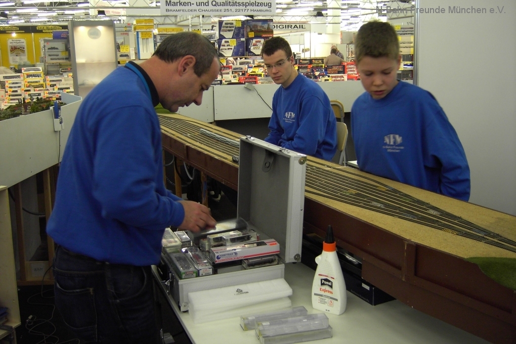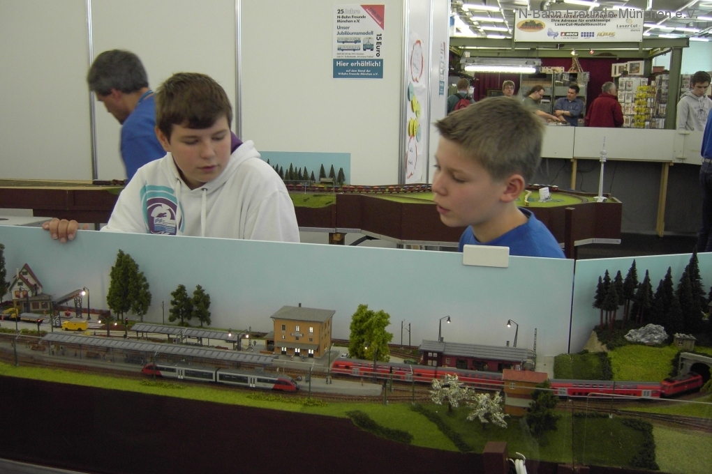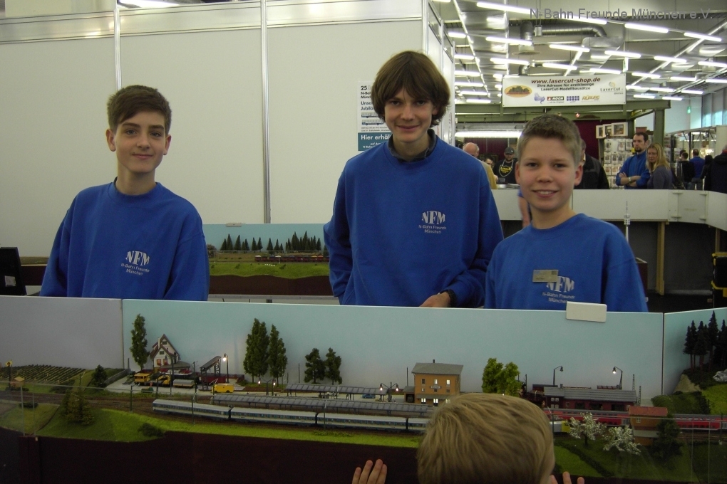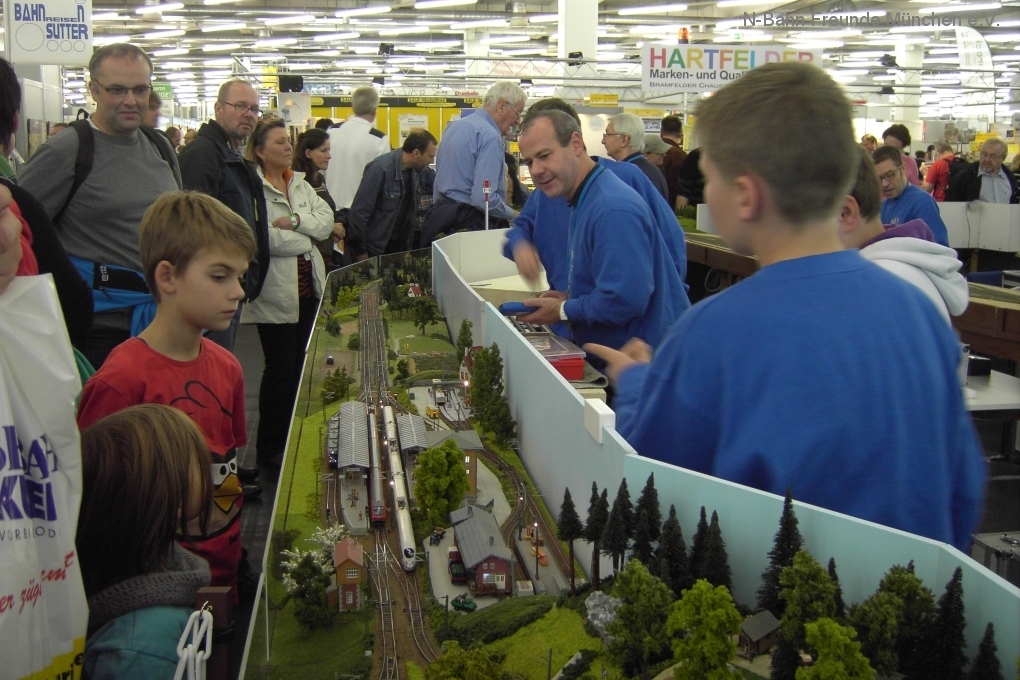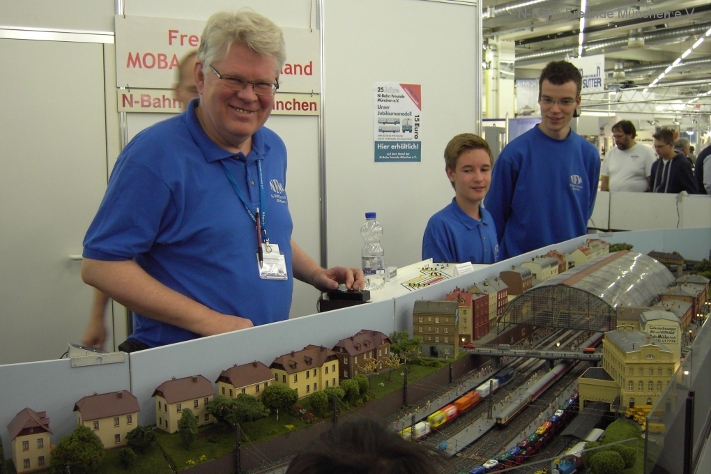Die N-Bahn Freunde München e.V. (NFM) waren mit dabei und zeigten den zahlreich anwesenden Fach- und Freizeitbesuchern drei Tage lang auf Ihrem 100 m² großen Stand eine analoge/elektronisch gesteuerte zweigleisige Hauptbahn sowie eine digital gesteuerte zweigleisige Nebenbahn. Die Hauptbahn rund um den Hauptbahnhof „Bonnburg“ umfasste auf 30 m Länge 23 Module und 2 Segmente mit einer Streckenlänge von etwa 80 m. Die Nebenbahn mit dem Ausgangsbahnhof „Ettenried“ bestand auf ihren 8 m Ausdehnung aus 9 Modulen, welche etwa 20 m Streckenlänge bot.
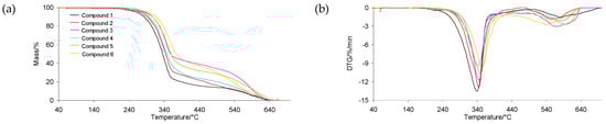 TG (a) and DTG (b) curves for the tested compounds in inert conditions.
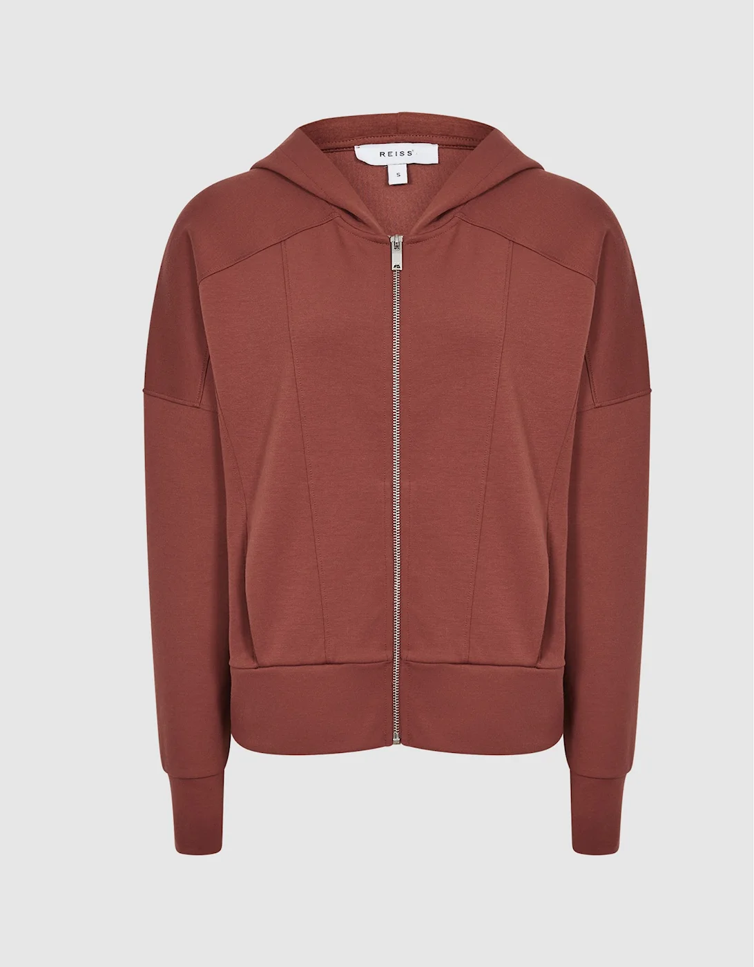 For expertly-crafted laid-back appeal, opt for the Nia hooded sweatshirt. It’s crafted from technical jersey that’s soft to touch, then fastens down the front with a silver-tone metal zip from neckline to hem. Wear it with separates for a casual mood.
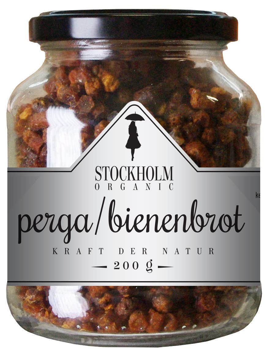 Bee bread is a fermented, enzymatically activated food made by bees in the beehive and contains about 25 honey or nectar and 70 pollen.The bioavailability of proteins, which is far superior to flower pollen, is significantly improved.Bee bread has a wide variety of minerals and has high amounts of iron, cobalt, phosphorus, calcium.It is one of the richest natural foods that contain selenium.Bee bread is also an excellent source for potassium and vitamins in the B group.Amino acids, which are pre -resumed for a slight absorption in the ratio that the human body needs, accounts for about 15 of the dry substance in the bee bread.Collected in Estonia from beehives that stand on the meadows near small forests and far from large cities, without industry or factories nearby.Produced according to high ecological standards, our bee bread is unpassed, 100 pure and natural, free of antibiotics and pesticides.Free of gluten, corn, wheat, soy and milk and GVO ingredients.With dry, cooler and dark storage, the granulate remains fresh for 2.5 years.Please note that color, taste and texture can vary depending on the harvest season.Bee bread has a wide variety of minerals and has high amounts of iron, cobalt, phosphorus, calcium.It is one of the richest natural foods that contain selenium.Bee bread is also an excellent source for potassium and vitamins in the B group.Increase your energy - take 1 or more teaspoons a day, preferably in the morning.100 natural, without additives.Bienenbrot ist ein fermentiertes, enzymatisch aktiviertes Lebensmittel, das von Bienen im Bienenstock hergestellt wird und etwa 25 Honig oder Nektar und 70 Pollen enthält. Die Bioverfügbarkeit von Proteinen, die Blütenpollen weit überlegen ist, wird erheblich verbessert. Bienenbrot hat eine große Vielfalt an Mineralien und hat hohe Mengen an Eisen, Kobalt, Phosphor, Kalzium. Es ist eines der reichsten natürlichen Lebensmittel, die Selen enthalten. Bienenbrot ist auch eine ausgezeichnete Quelle für Kalium und Vitamine der B-Gruppe. Aminosäuren, die für eine leichte Aufnahme in dem Verhältnis vorverdaut sind, das der menschliche Körper benötigt, machen etwa 15 der Trockensubstanz im Bienenbrot aus. Gesammelt in Estland aus Bienenstöcken, die auf den Wiesen in der Nähe kleiner Wälder und weit entfernt von Großstädten stehen, ohne Industrie oder Fabriken in der Nähe. Nach hohen ökologischen Standards produziert, ist unser Bienenbrot unverarbeitet, 100 rein und natürlich, frei von Antibiotika und Pestiziden. Frei von Gluten, Mais, Weizen, Soja und Milch- und GVO-Zutaten. Bei trockener, kühler und dunkler Lagerung bleibt das Granulat 2,5 Jahre frisch.Bitte beachten Sie, dass Farbe, Geschmack und Textur je nach Erntesaison variieren können. Bienenbrot hat eine große Vielfalt an Mineralien und hat hohe Mengen an Eisen, Kobalt, Phosphor, Kalzium. Es ist eines der reichsten natürlichen Lebensmittel, die Selen enthalten. Bienenbrot ist auch eine ausgezeichnete Quelle für Kalium und Vitamine der B-Gruppe. Steigern Sie Ihre Energie - nehmen Sie 1 oder mehr Teelöffel pro Tag ein, vorzugsweise morgens. 100 natürlich, ohne Zusatzstoffe.Stockholm Organic Perga - Bienenbrot 200g
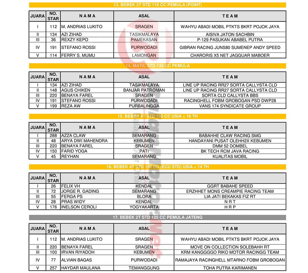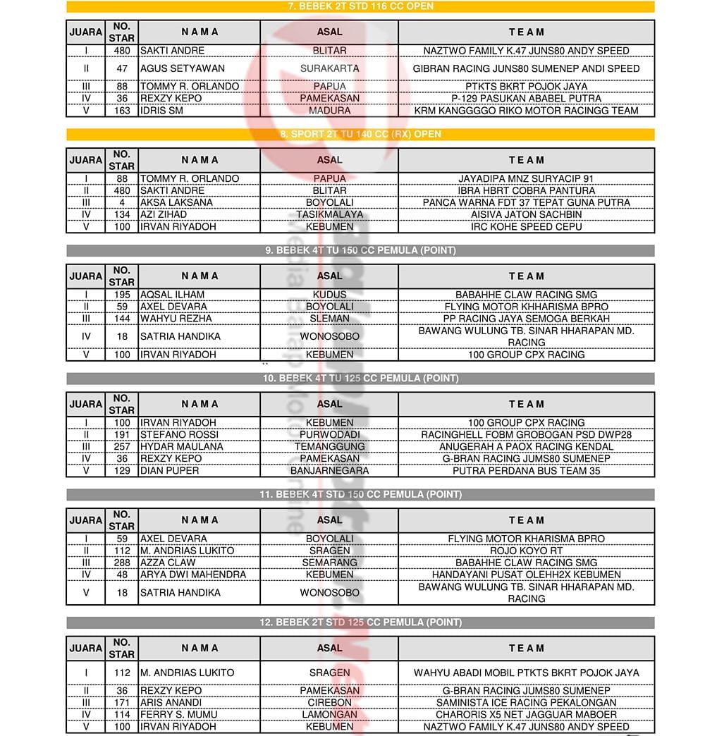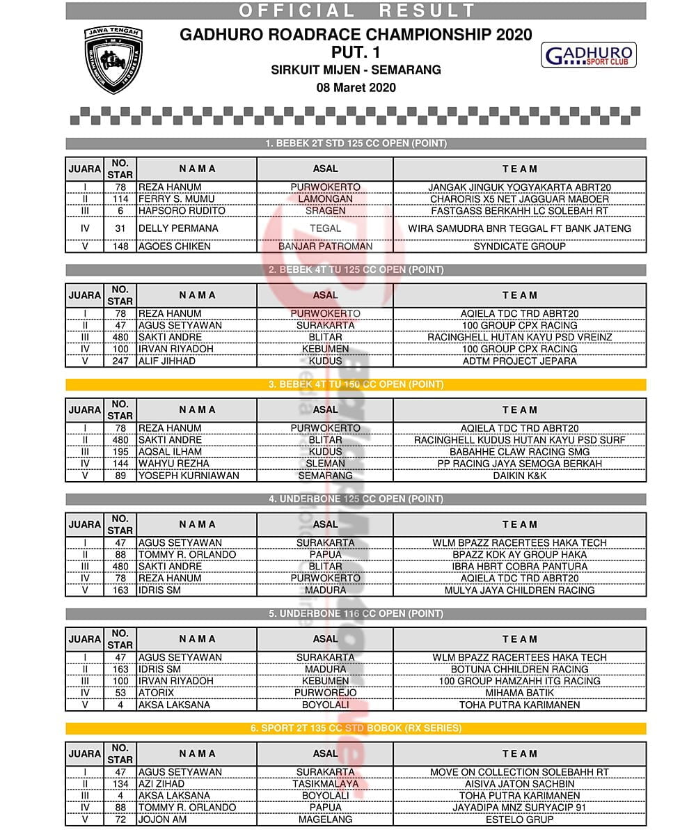BalapMotor.Net – Berikut kami paparkan hasil lengkap para juara dalam kejuaraan Gadhuro Road Race Championship Series 2020 putaran 1 yang berlangsung di sirkuit Mijen, kota Semarang pada Minggu 8 Maret 2020. | Yugo
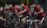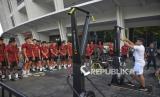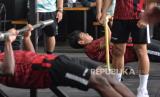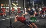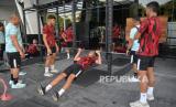 Sejumlah pemain Timnas U-20 Indonesia mengikuti latihan fisik di pusat kebugaran Empire Fit Club, Kompleks Gelora Bung Karno, Senayan, Jakarta, Rabu (15/5/2024). Sesi latihan penggenjotan fisik ini langsung diawasi oleh Kepala Pelatih Timnas Indonesia U-20, Indra Sjafri. Sebanyak 30 pesepak bola mengikuti pemusatan latihan (TC) sebagai persiapan mengikuti Toulon Tournament 2024 di Prancis, Piala AFF U-19 2024 dan Kualifikasi Piala Asia U-20 2025. (FOTO : Republika/Prayogi)
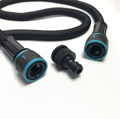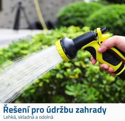 Profi hadice je vybavena oproti klasické hadici odolnější vrstvou tkaniny a pistolí s 9 stupni rozprašování. Koncovky hadice jsou plastové.
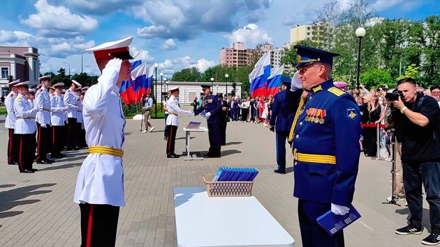 Торжественное вручение аттестатов и прощание со знаменем прошло на плацу перед главным учебным корпусом. На мероприятии присутствовали родные и близкие воспитанников. Выпускников поздравили заместитель главнокомандующего Воздушно-космическими силами по военно-политической работе Игорь Романов, генеральный директор госкорпорации «Роскосмос», выпускник Калининского суворовского военного училища Юрий Борисов.
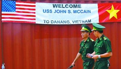 繼美軍核動力航母“喬治·華盛頓”號8日抵達越南中部峴港附近的南海海域后,美軍“約翰·麥凱恩”號驅(qū)逐艦又于10日在越南峴港靠岸,準備進行軍事交流。此時正值南海問題引發(fā)外交紛爭之際,美越間的頻繁互動成為各方關(guān)注的焦點。
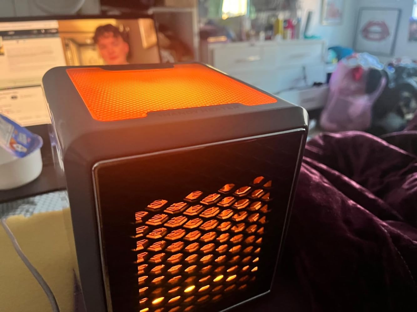 Honestly this is my favorite heater. Here’s why; because I’ve bought three of these within the past couple of years as gifts and for myself;Firstly, it’s super cute in appearance. It’s small, not heavy, and you can change the colors from orange, blue, yellow, purple, and cyan, to even plain white. It casts a cozy glow and I like it. I honestly do wish they had pink, the purple is nice but a girl wants pink!They last incredibly long. I actually bought my first one over a year ago at T.J. Max and I had no issues with it, I still use it and it works very well! I bought a new one because my roommate was moving out and she liked my heater. I let her take it so I purchased a new one.The noise level isn’t too bad actually. I end up using it like a sound machine, it’s like a fan mixed with like light white noise and honestly I fall asleep sooo fast haha.It will stay on unless you turn it off, so no auto shut off. There is a little black nub on the bottom and that has to be pressed down so it’ll turn on. So if you have your heater plugged in but it’s not on a surface to keep that black nub down; you will not be able to turn it on and use the heat.
§ §
Aim of the exercise
Could you give the listing again exactly as it stands, minus any pictures?

Output of the task
Die N-Bahn Freunde München e.V. (NFM) waren mit dabei und zeigten den zahlreich anwesenden Fach- und Freizeitbesuchern drei Tage lang auf Ihrem 100 m² großen Stand eine analoge/elektronisch gesteuerte zweigleisige Hauptbahn sowie eine digital gesteuerte zweigleisige Nebenbahn. Die Hauptbahn rund um den Hauptbahnhof „Bonnburg“ umfasste auf 30 m Länge 23 Module und 2 Segmente mit einer Streckenlänge von etwa 80 m. Die Nebenbahn mit dem Ausgangsbahnhof „Ettenried“ bestand auf ihren 8 m Ausdehnung aus 9 Modulen, welche etwa 20 m Streckenlänge bot.
 TG (a) and DTG (b) curves for the tested compounds in inert conditions.
 For expertly-crafted laid-back appeal, opt for the Nia hooded sweatshirt. It’s crafted from technical jersey that’s soft to touch, then fastens down the front with a silver-tone metal zip from neckline to hem. Wear it with separates for a casual mood.
 Bee bread is a fermented, enzymatically activated food made by bees in the beehive and contains about 25 honey or nectar and 70 pollen.The bioavailability of proteins, which is far superior to flower pollen, is significantly improved.Bee bread has a wide variety of minerals and has high amounts of iron, cobalt, phosphorus, calcium.It is one of the richest natural foods that contain selenium.Bee bread is also an excellent source for potassium and vitamins in the B group.Amino acids, which are pre -resumed for a slight absorption in the ratio that the human body needs, accounts for about 15 of the dry substance in the bee bread.Collected in Estonia from beehives that stand on the meadows near small forests and far from large cities, without industry or factories nearby.Produced according to high ecological standards, our bee bread is unpassed, 100 pure and natural, free of antibiotics and pesticides.Free of gluten, corn, wheat, soy and milk and GVO ingredients.With dry, cooler and dark storage, the granulate remains fresh for 2.5 years.Please note that color, taste and texture can vary depending on the harvest season.Bee bread has a wide variety of minerals and has high amounts of iron, cobalt, phosphorus, calcium.It is one of the richest natural foods that contain selenium.Bee bread is also an excellent source for potassium and vitamins in the B group.Increase your energy - take 1 or more teaspoons a day, preferably in the morning.100 natural, without additives.Bienenbrot ist ein fermentiertes, enzymatisch aktiviertes Lebensmittel, das von Bienen im Bienenstock hergestellt wird und etwa 25 Honig oder Nektar und 70 Pollen enthält. Die Bioverfügbarkeit von Proteinen, die Blütenpollen weit überlegen ist, wird erheblich verbessert. Bienenbrot hat eine große Vielfalt an Mineralien und hat hohe Mengen an Eisen, Kobalt, Phosphor, Kalzium. Es ist eines der reichsten natürlichen Lebensmittel, die Selen enthalten. Bienenbrot ist auch eine ausgezeichnete Quelle für Kalium und Vitamine der B-Gruppe. Aminosäuren, die für eine leichte Aufnahme in dem Verhältnis vorverdaut sind, das der menschliche Körper benötigt, machen etwa 15 der Trockensubstanz im Bienenbrot aus. Gesammelt in Estland aus Bienenstöcken, die auf den Wiesen in der Nähe kleiner Wälder und weit entfernt von Großstädten stehen, ohne Industrie oder Fabriken in der Nähe. Nach hohen ökologischen Standards produziert, ist unser Bienenbrot unverarbeitet, 100 rein und natürlich, frei von Antibiotika und Pestiziden. Frei von Gluten, Mais, Weizen, Soja und Milch- und GVO-Zutaten. Bei trockener, kühler und dunkler Lagerung bleibt das Granulat 2,5 Jahre frisch.Bitte beachten Sie, dass Farbe, Geschmack und Textur je nach Erntesaison variieren können. Bienenbrot hat eine große Vielfalt an Mineralien und hat hohe Mengen an Eisen, Kobalt, Phosphor, Kalzium. Es ist eines der reichsten natürlichen Lebensmittel, die Selen enthalten. Bienenbrot ist auch eine ausgezeichnete Quelle für Kalium und Vitamine der B-Gruppe. Steigern Sie Ihre Energie - nehmen Sie 1 oder mehr Teelöffel pro Tag ein, vorzugsweise morgens. 100 natürlich, ohne Zusatzstoffe.Stockholm Organic Perga - Bienenbrot 200g
BalapMotor.Net – Berikut kami paparkan hasil lengkap para juara dalam kejuaraan Gadhuro Road Race Championship Series 2020 putaran 1 yang berlangsung di sirkuit Mijen, kota Semarang pada Minggu 8 Maret 2020. | Yugo
 Sejumlah pemain Timnas U-20 Indonesia mengikuti latihan fisik di pusat kebugaran Empire Fit Club, Kompleks Gelora Bung Karno, Senayan, Jakarta, Rabu (15/5/2024). Sesi latihan penggenjotan fisik ini langsung diawasi oleh Kepala Pelatih Timnas Indonesia U-20, Indra Sjafri. Sebanyak 30 pesepak bola mengikuti pemusatan latihan (TC) sebagai persiapan mengikuti Toulon Tournament 2024 di Prancis, Piala AFF U-19 2024 dan Kualifikasi Piala Asia U-20 2025. (FOTO : Republika/Prayogi)
 Profi hadice je vybavena oproti klasické hadici odolnější vrstvou tkaniny a pistolí s 9 stupni rozprašování. Koncovky hadice jsou plastové.
 Торжественное вручение аттестатов и прощание со знаменем прошло на плацу перед главным учебным корпусом. На мероприятии присутствовали родные и близкие воспитанников. Выпускников поздравили заместитель главнокомандующего Воздушно-космическими силами по военно-политической работе Игорь Романов, генеральный директор госкорпорации «Роскосмос», выпускник Калининского суворовского военного училища Юрий Борисов.
 繼美軍核動力航母“喬治·華盛頓”號8日抵達越南中部峴港附近的南海海域后,美軍“約翰·麥凱恩”號驅(qū)逐艦又于10日在越南峴港靠岸,準備進行軍事交流。此時正值南海問題引發(fā)外交紛爭之際,美越間的頻繁互動成為各方關(guān)注的焦點。
 Honestly this is my favorite heater. Here’s why; because I’ve bought three of these within the past couple of years as gifts and for myself;Firstly, it’s super cute in appearance. It’s small, not heavy, and you can change the colors from orange, blue, yellow, purple, and cyan, to even plain white. It casts a cozy glow and I like it. I honestly do wish they had pink, the purple is nice but a girl wants pink!They last incredibly long. I actually bought my first one over a year ago at T.J. Max and I had no issues with it, I still use it and it works very well! I bought a new one because my roommate was moving out and she liked my heater. I let her take it so I purchased a new one.The noise level isn’t too bad actually. I end up using it like a sound machine, it’s like a fan mixed with like light white noise and honestly I fall asleep sooo fast haha.It will stay on unless you turn it off, so no auto shut off. There is a little black nub on the bottom and that has to be pressed down so it’ll turn on. So if you have your heater plugged in but it’s not on a surface to keep that black nub down; you will not be able to turn it on and use the heat.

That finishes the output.